Afin de mettre au point des cadres de références simples et efficaces, la commission paritaire nationale déterminera des schémas types de formation adaptée aux objectifs poursuivis par les trois formules de contrats de formation en alternance et les diffusera largement auprès des entreprises.
En vigueur
Sous la responsabilité du chef d'entreprise :
- les entreprises organiseront, en leur sein, un processus d'accueil et d'initiation des jeunes à la vie professionnelle ;
- un tuteur sera désigné nominativement par l'entreprise. Sa nomination est portée à la connaissance du comité d'entreprise ou, à défaut, des délégués du personnel ;
- le bilan des actions réalisées dans le but d'insertion des jeunes par la formation en alternance et les missions confiées aux tuteurs seront présentés au comité d'entreprise ou à la commission formation ou, à défaut, aux délégués du personnel ;
- les éléments de ce bilan seront transmis à la commission paritaire nationale de la formation en alternance de la restauration de collectivités pour être enregistrés et consolidés dans les résultats globaux de la profession.
En vigueur
Toutes les difficultés d'application des textes en vigueur et des clauses du présent accord sont présentées à la commission paritaire nationale de formation en alternance de la restauration de collectivités dans le cadre d'une mission paritaire d'évaluation et destinées à rechercher les solutions les plus efficaces prenant en considération :
D'une part :
- les possibilités et les besoins des entreprises ;
- les caractéristiques et les attentes des jeunes ;
D'autre part :
- le respect des mesures légales déterminées par les différents accords et textes officiels sur la formation en alternance.
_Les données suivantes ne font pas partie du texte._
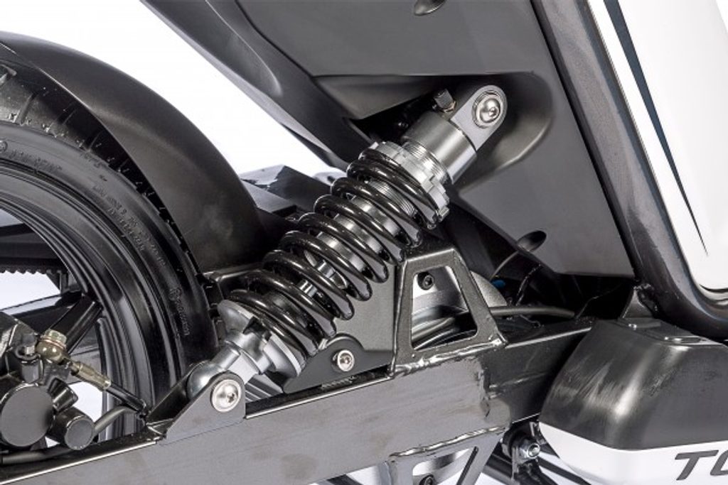 Když jsme navrhovali skútr MUVI, kladli jsme největší důraz na jeho hmotnost. Vyvinuli jsme pevný, přesto lehký rám, který jsme navíc osadili inovativním zadním odpružením. Společně s přední vidlicí nabízí skútr MUVI obdivuhodnou agilitu a lehkost ovládání. K tomu máte navíc stále dostupný výkon 3 kW.
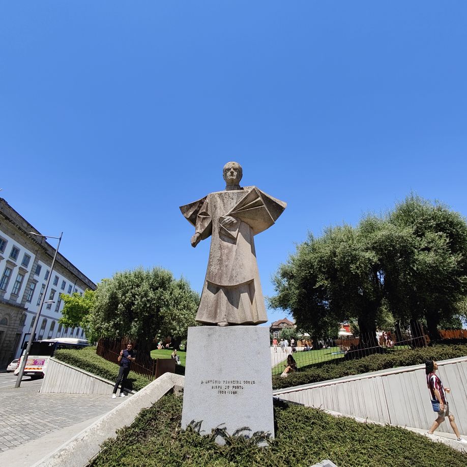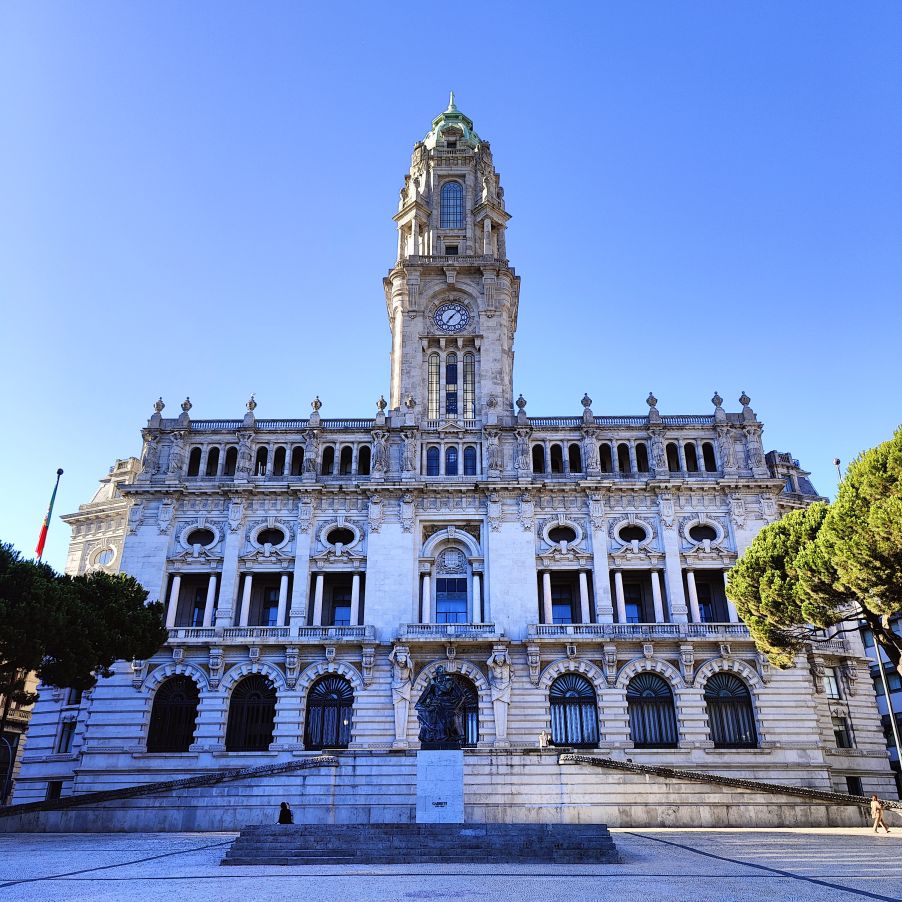 Frisch geduscht machen wir uns auf den Weg zum Restaurant, das wir für heute gebucht haben. Da auf dem Weg einige der wichtigsten Sehenswürdigkeiten von Porto liegen, haben wir etwas Zeit eingeplant. Zunächst kommen wir auf den großen Platz an der Avenida dos Aliados an dessen Ende sich das Câmara Municipal do Porto befindet. Das Rathaus hat eine Fassade ist aus Granit und ist mit einem Dutzend von José Sousa Caldas und Henrique Moreira entworfenen Skulpturen verziert, die jeweils für Porto typische Aktivitäten zeigen, z. B. den Weinbau, die Industrie und die Navigation. Vor dem Gebäude steht eine Statue des Dichters Almeida Garrett, vor 70 Jahren vom Bildhauer Barata Feio angefertigt. Der Bau des robusten und imposanten Gebäudes begann im Jahre 1920 mit einem Projekt des Architekten António Correia da Silva und wurde erst im Jahre 1955 definitiv fertiggestellt. In der Mitte erhebt sich ein 70 m hoher Festungsturm mit einem Glockenspiel, Symbol der großen Bedeutung des bürgerlichen Lebens für die Bewohner Portos.
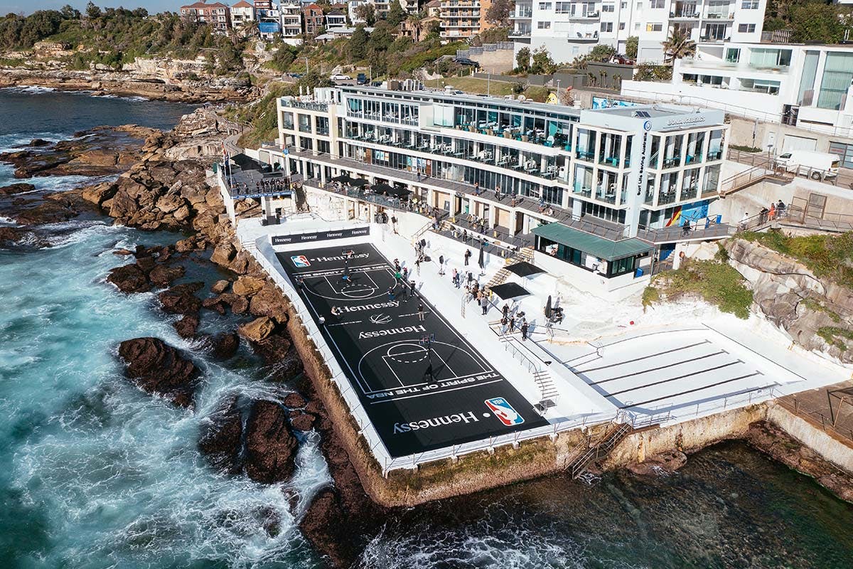 Hennessy and the NBA recently turned Icebergs Ocean pool at Bondi Beach into a pop-up basketball court combining artful design with the energy of the NBA. This marked the kickoff to a series of Hennessy x NBA events happening around the city. Check out the video above and pictures below for a closer look.
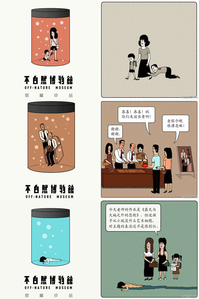 作为吸引了15万粉丝的微信公众号,“负波普”以一套名为“不自然博物馆”的连载漫画,一期一个的荒谬小故事,说明书般展示一个个“收集”于实验瓶中的人类样本,读者激赏并称之为“脑洞异常性感”。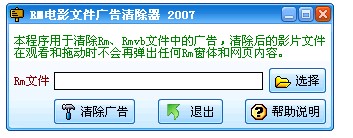 RM電影文件廣告清除器 V4.86 綠色免費(fèi)版 本程序可以清除REAL影片文件(RM/RMVB/RA格式)中的惡意彈出廣告代碼,幫助廣大網(wǎng)友遠(yuǎn)離廣告騷擾及木馬威脅,清除后的影片文件在觀看和拖動(dòng)時(shí)不會(huì)再彈出任何Rm窗體和網(wǎng)頁內(nèi)容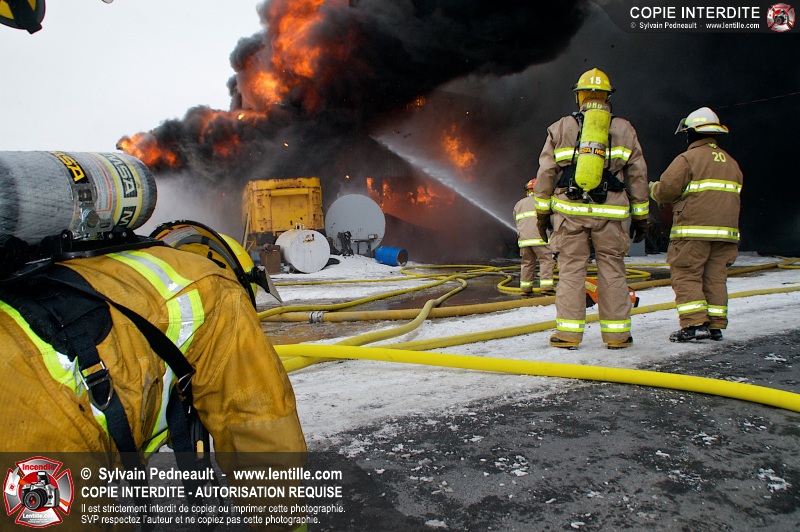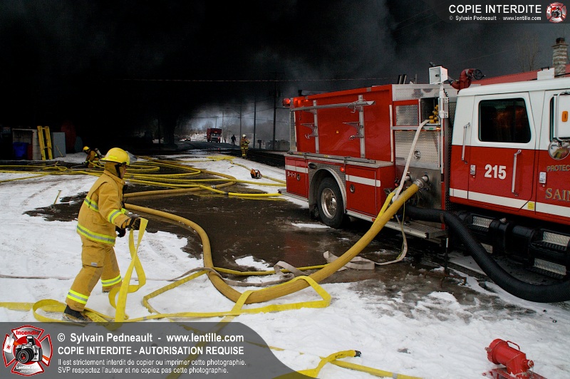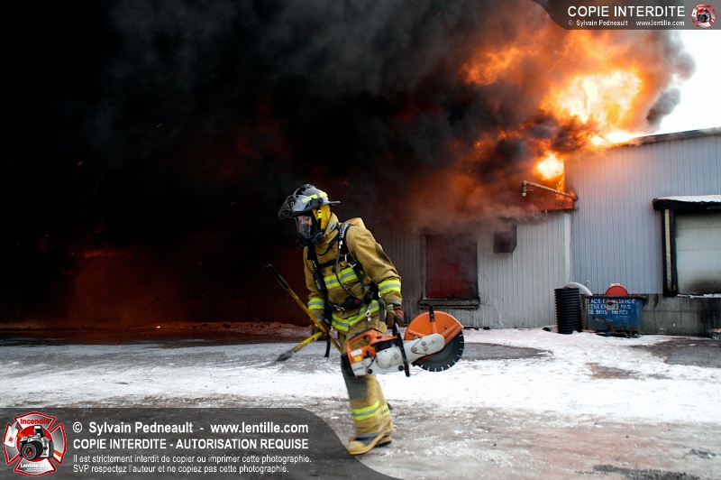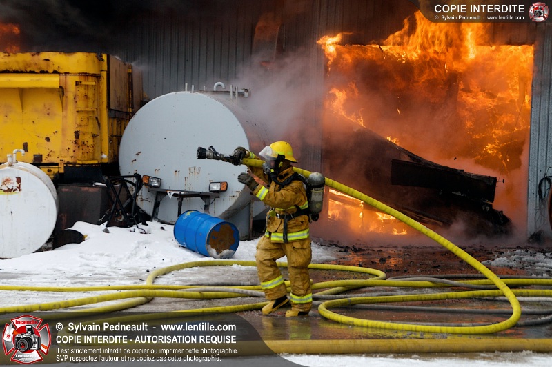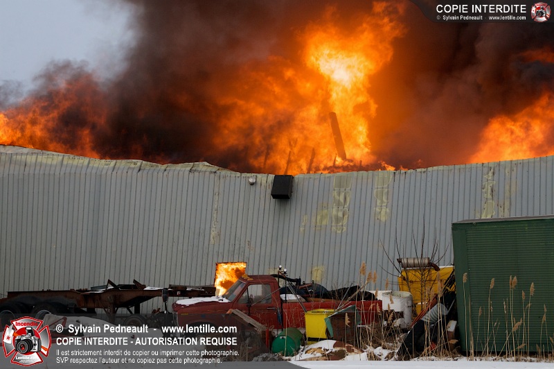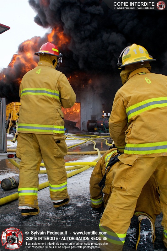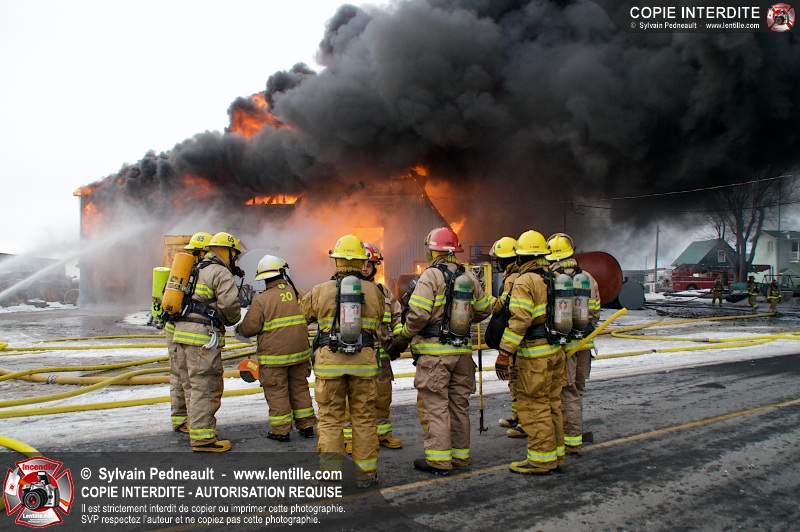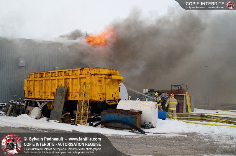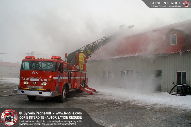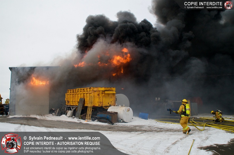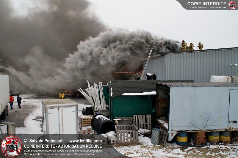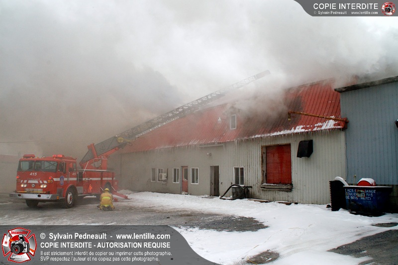 Un violent incendie a complètement détruit une industrie du Rang du Haut-de-la-Rivière-Nord à St-Pie. Malgré une attaque agressive synchronisée à l'opération de ventilation, il n'y avait malheureusement rien à faire pour contrer la propagation très rapide des flammes.

La mission de médiation de la commission paritaire nationale de formation en alternance de la restauration de collectivités concerne toutes les actions de formation en alternance qui bénéficient des mesures de défiscalisation telles que prévues à l'article 30 de la loi de finances pour 1985 et s'applique à toutes les entreprises relevant du champ d'application du présent accord.
Les fonds mutualisés après versement du FAFIH donnant lieu à un reçu libératoire sont exonérés de tout contrôle a posteriori par l'administration pour le financement des contrats de formation en alternance, l'organisme paritaire chargé de leur répartition étant seul responsable de suivre leur utilisation et d'en rendre compte auprès de l'administration.
Les entreprises qui engagent directement et utilisent elles-mêmes la part des fonds défiscalisés non mutualisés pour des formations en alternance sont soumises sous contrôle de l'administration.
En vigueur
L'ensemble des présentes dispositions est applicable à la date de la signature du présent accord.
Le présent accord est conclu pour une durée indéterminée.
Il peut faire l'objet d'une demande de réexamen ou de dénonciation qui devra être portée à la connaissance de toutes les parties signataires par lettre recommandée avec accusé de réception, avec un préavis de 2 mois avant son examen.
En vigueur
Les partenaires sociaux signataires demandent l'extension du présent accord conformément à l'article L. 133-8 du code du travail.
Le présent accord national est remis à chacune des organisations signataires. Il est établi conformément à l'article L. 132-2 du code du travail et déposé auprès de l'administration dans les conditions de l'article L. 132-10 du code du travail.